_THE DATA:_

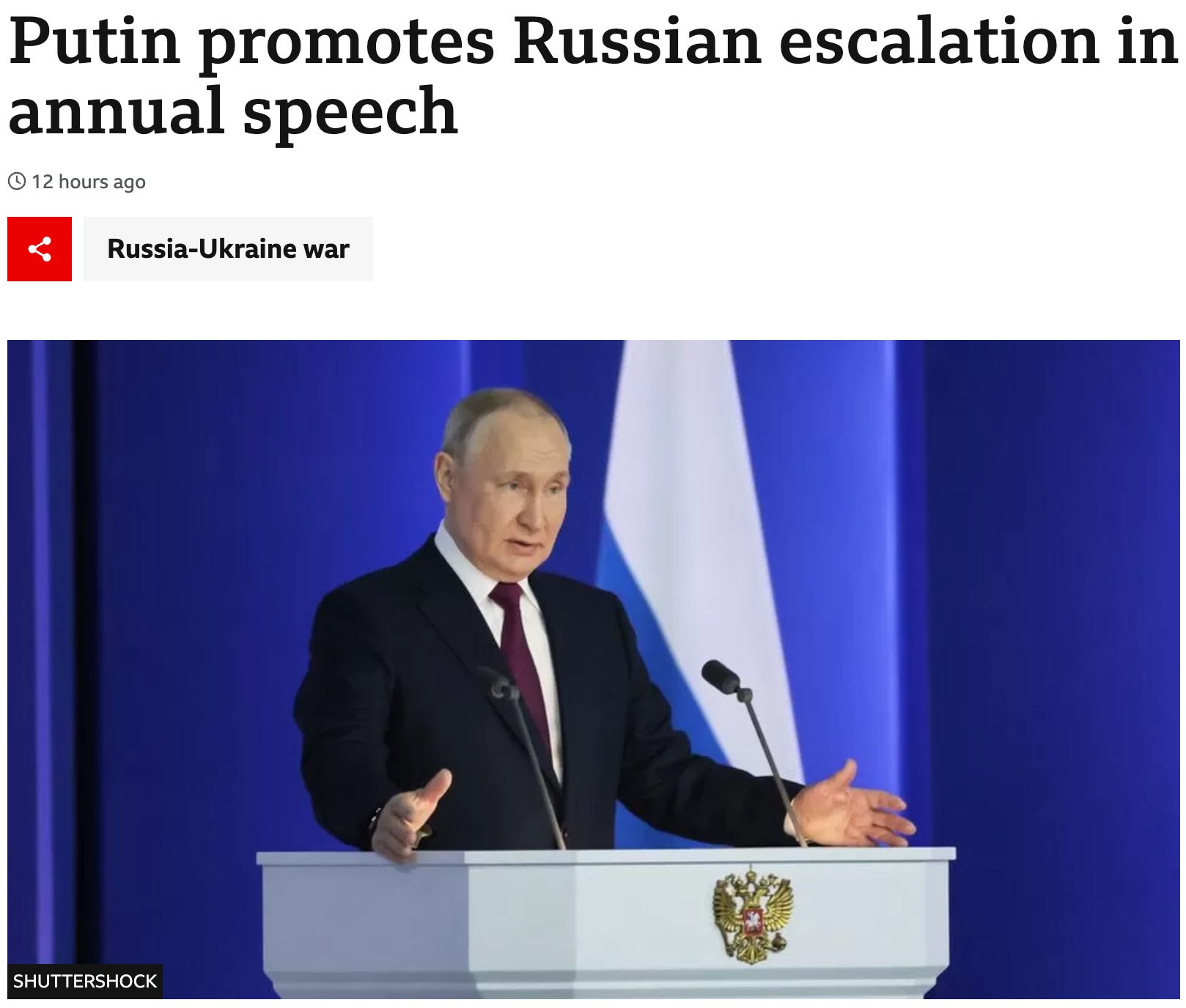 Our Take: “I thought about putting together a whole collage of the Media Industrial Complex’s portrayal of what happened the Tuesday of President’s week in the United States, where, a seeming world away, two men gave ‘dueling’ addresses about the immediate futures of their respective nations, and of each other’s escalatory engagements, but you can guess what they thought of it.
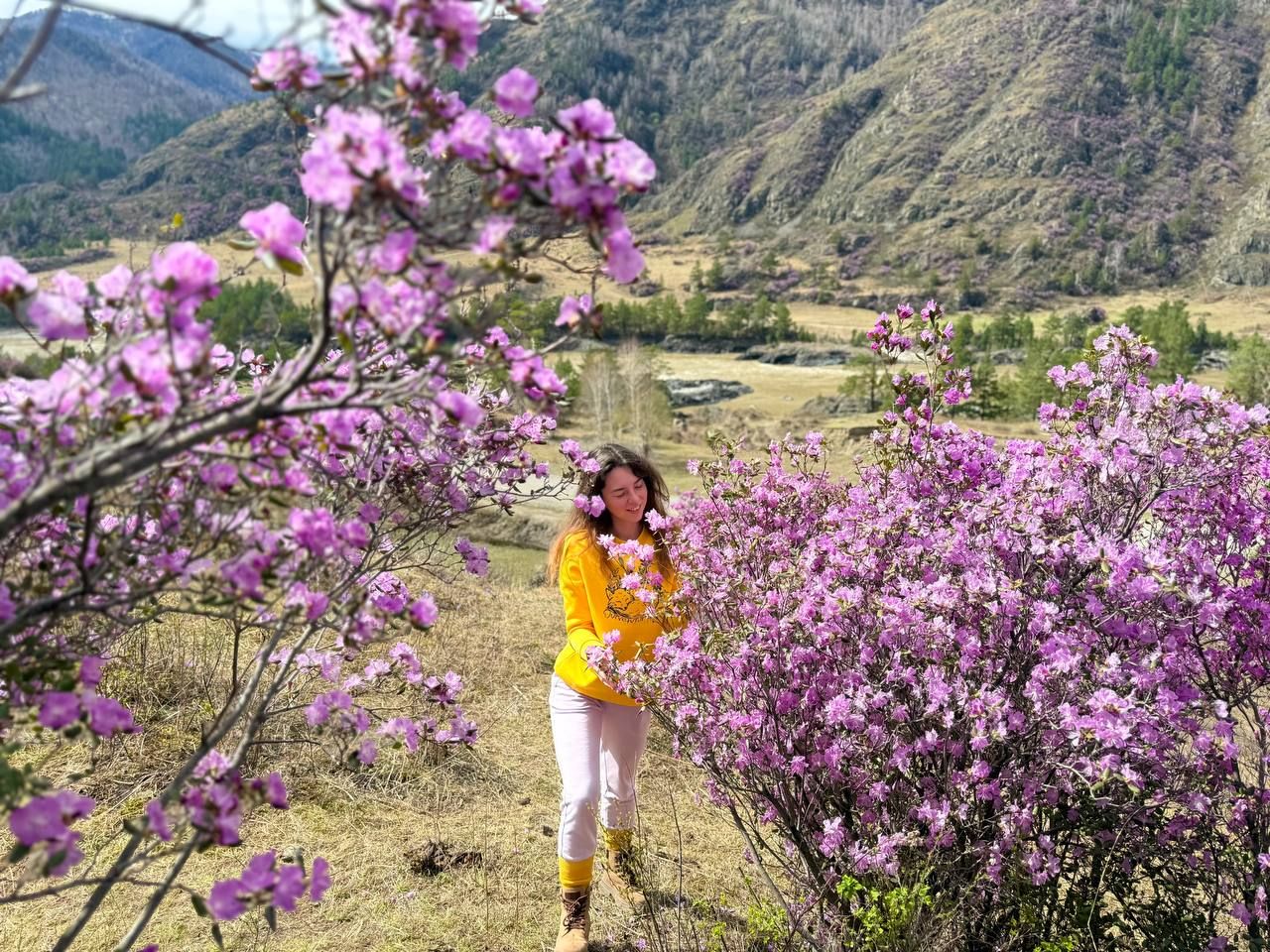 - Увидите цветение Алтайской сакуры, сделаете огромное количество восхитительных фотографий на фоне розово-лиловых горных хребтов
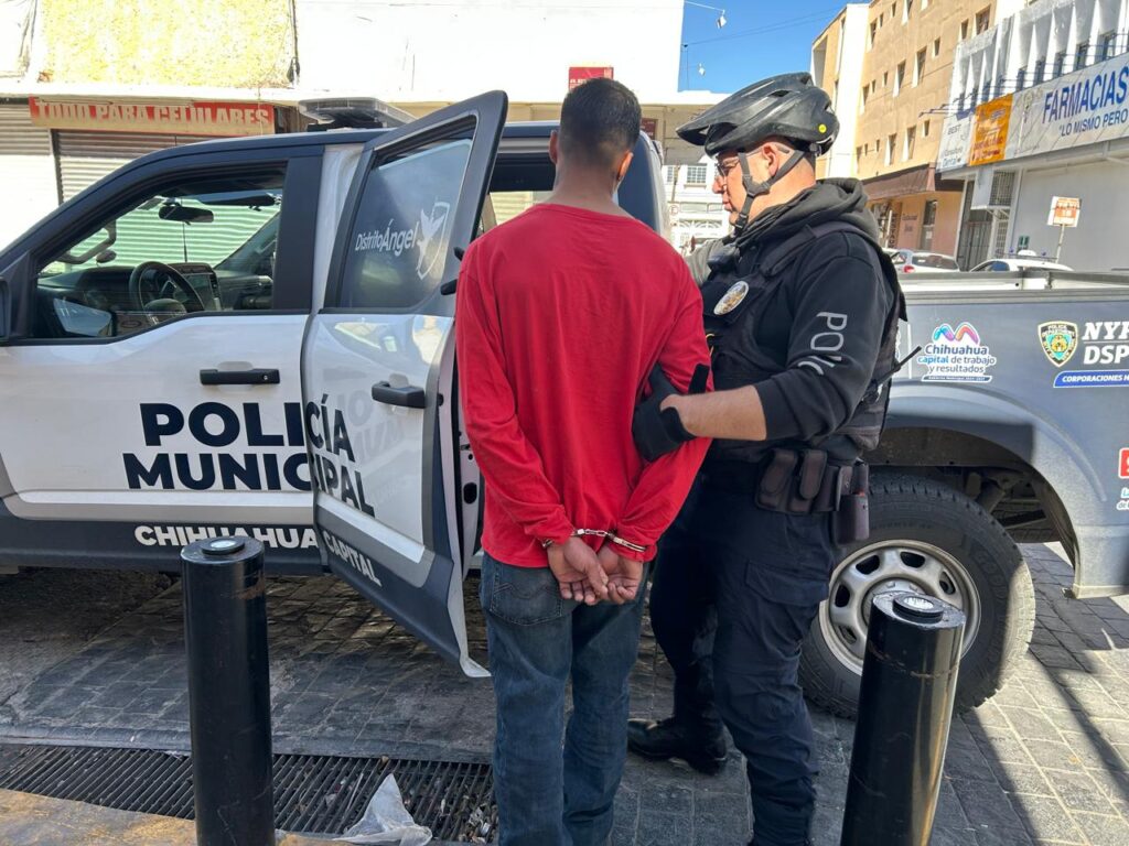 Un joven fue detenido la mañana de este jueves en calles del Centro Histórico de la ciudad de Chihuahua, luego de que elementos de la Policía Municipal lo interceptaran por presuntamente consumir sustancias ilegales en la vía pública.
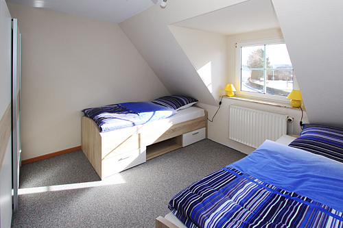 - Schlafzimmer 3: Zwei Einzelbetten (90×200 cm), Kleiderschrank
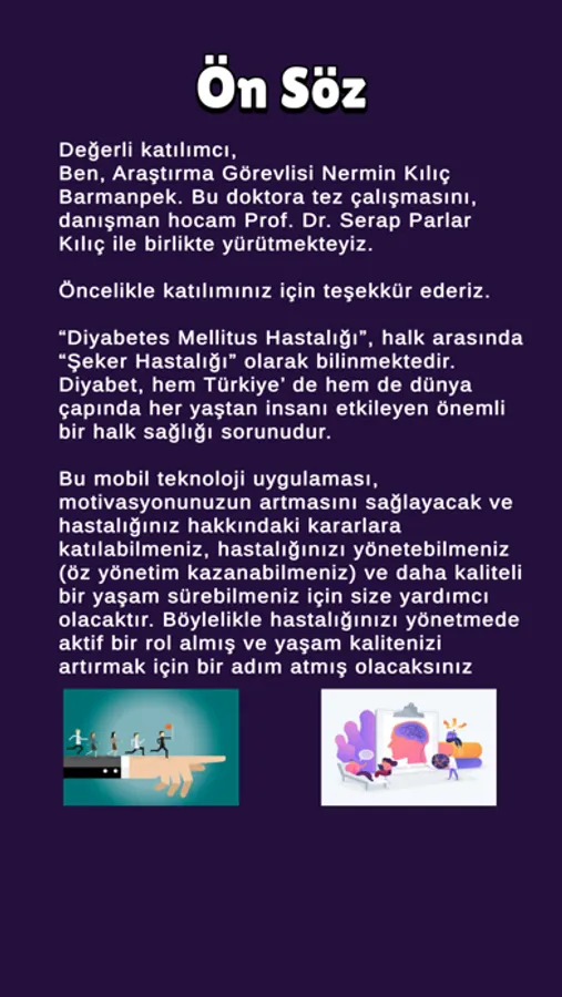 Bu uygulamada, diyabetik hastaların kendi hastalığını ne kadar tanıdığına ve tedavisi konusunda ne kadar bilgi sahibi olduklarını anlamaları amacıyla oluşturulmuş oyun tarzı bir bilgilendirme ve bilinçlendirme uygulamasıdır.
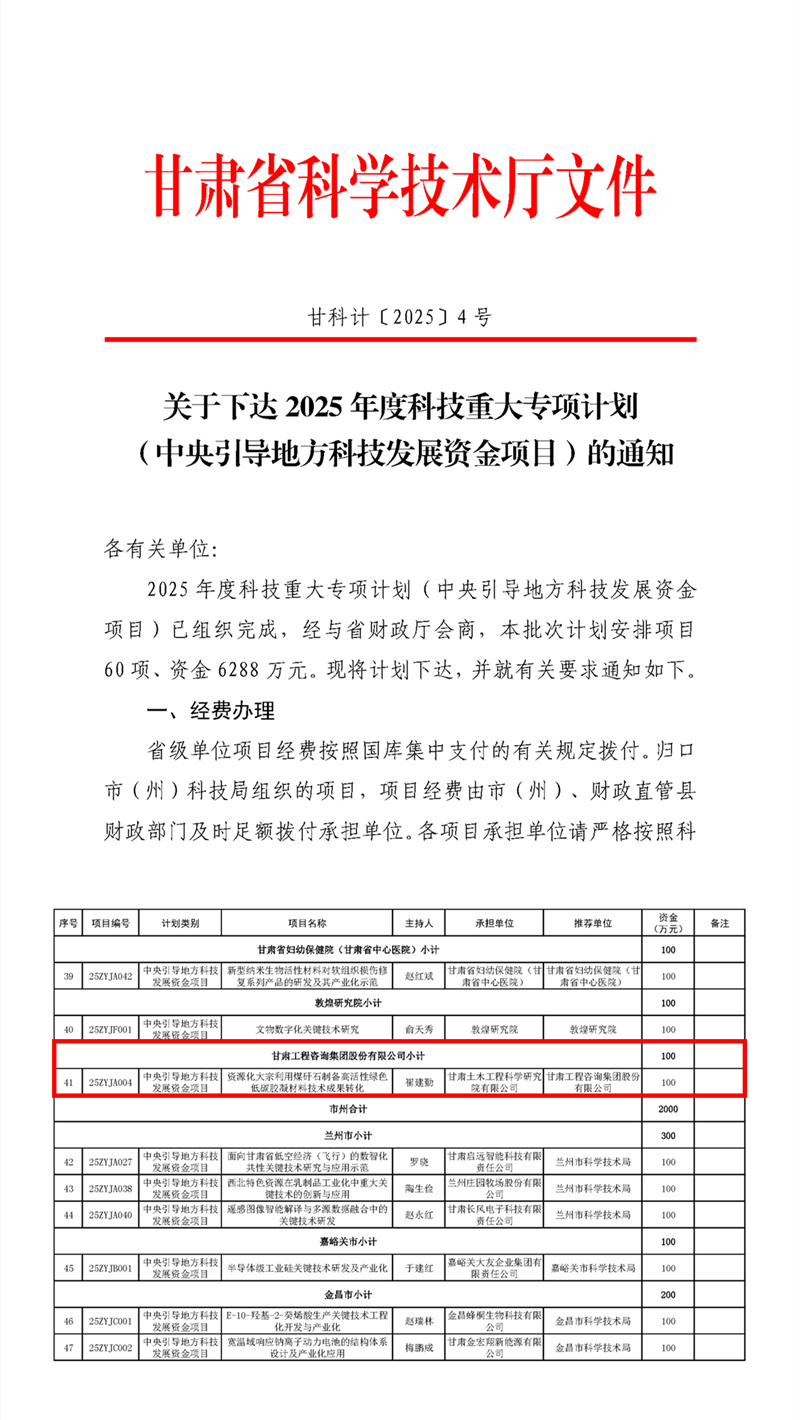 近日,甘肃省科技厅公布了2025年度科技重大专项计划(中央引导地方科技发展资金项目)立项名单,永利12311手机版土木工程院主持申报的“资源化大宗利用煤矸石制备高活性绿色低碳胶凝材料技术成果转化”项目成功立项。
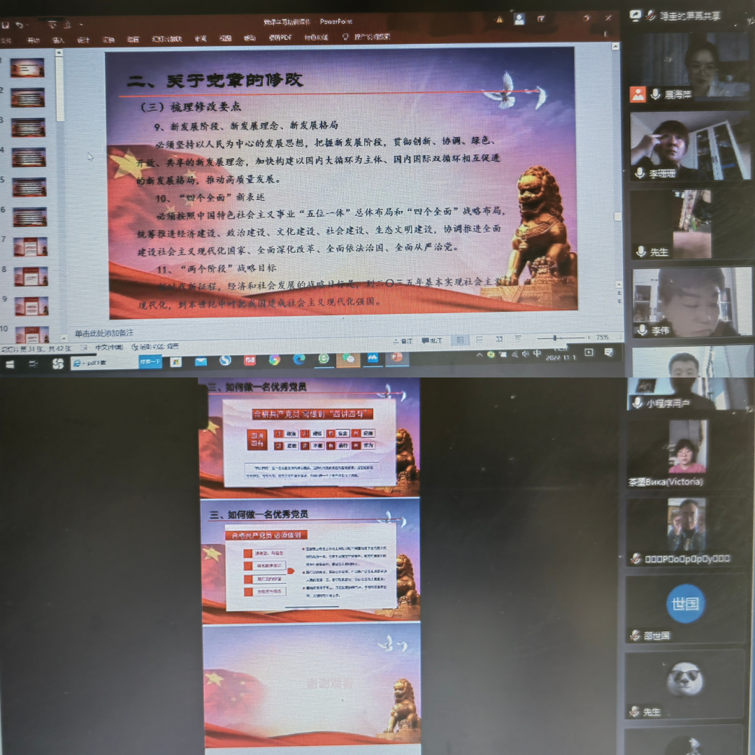 近日,新絲路公司黨支部線上開展了“黨的二十大報(bào)告專題學(xué)習(xí)”主題黨日活動(dòng)和新黨章學(xué)習(xí)培訓(xùn),充分學(xué)習(xí)黨的二十大召開重要意義和會(huì)議精神,把全員思想和行動(dòng)統(tǒng)一到黨的二十大精神上,把黨的二十大精神貫徹落實(shí)到各項(xiàng)工作中,為保障新絲路公司全年任務(wù)目標(biāo)圓滿完成和推進(jìn)隴神戎發(fā)實(shí)現(xiàn)高質(zhì)量發(fā)展賦能。
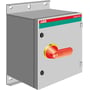 3-polet sikkerhedsafbryder fra ABB med 200A, EMC, rød/gul greb og metalkapsling. Ideel til sikker og pålidelig strømafbrydelse.
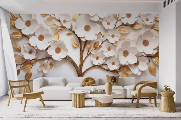 Fototapeten Baum mit weißen Blüten und Nachahmung von Reliefblättern N° w09348

_PROBLEM DETAILS:_ Nothing but the lines from the first line of the records above to the line with "近日,甘肃省科技厅公布了20", inclusive, should be transcribed exactly, and the pictures must be left out.

_WRITTEN RESPONSE:_
 Our Take: “I thought about putting together a whole collage of the Media Industrial Complex’s portrayal of what happened the Tuesday of President’s week in the United States, where, a seeming world away, two men gave ‘dueling’ addresses about the immediate futures of their respective nations, and of each other’s escalatory engagements, but you can guess what they thought of it.
 - Увидите цветение Алтайской сакуры, сделаете огромное количество восхитительных фотографий на фоне розово-лиловых горных хребтов
 Un joven fue detenido la mañana de este jueves en calles del Centro Histórico de la ciudad de Chihuahua, luego de que elementos de la Policía Municipal lo interceptaran por presuntamente consumir sustancias ilegales en la vía pública.
 - Schlafzimmer 3: Zwei Einzelbetten (90×200 cm), Kleiderschrank
 Bu uygulamada, diyabetik hastaların kendi hastalığını ne kadar tanıdığına ve tedavisi konusunda ne kadar bilgi sahibi olduklarını anlamaları amacıyla oluşturulmuş oyun tarzı bir bilgilendirme ve bilinçlendirme uygulamasıdır.
 近日,甘肃省科技厅公布了2025年度科技重大专项计划(中央引导地方科技发展资金项目)立项名单,永利12311手机版土木工程院主持申报的“资源化大宗利用煤矸石制备高活性绿色低碳胶凝材料技术成果转化”项目成功立项。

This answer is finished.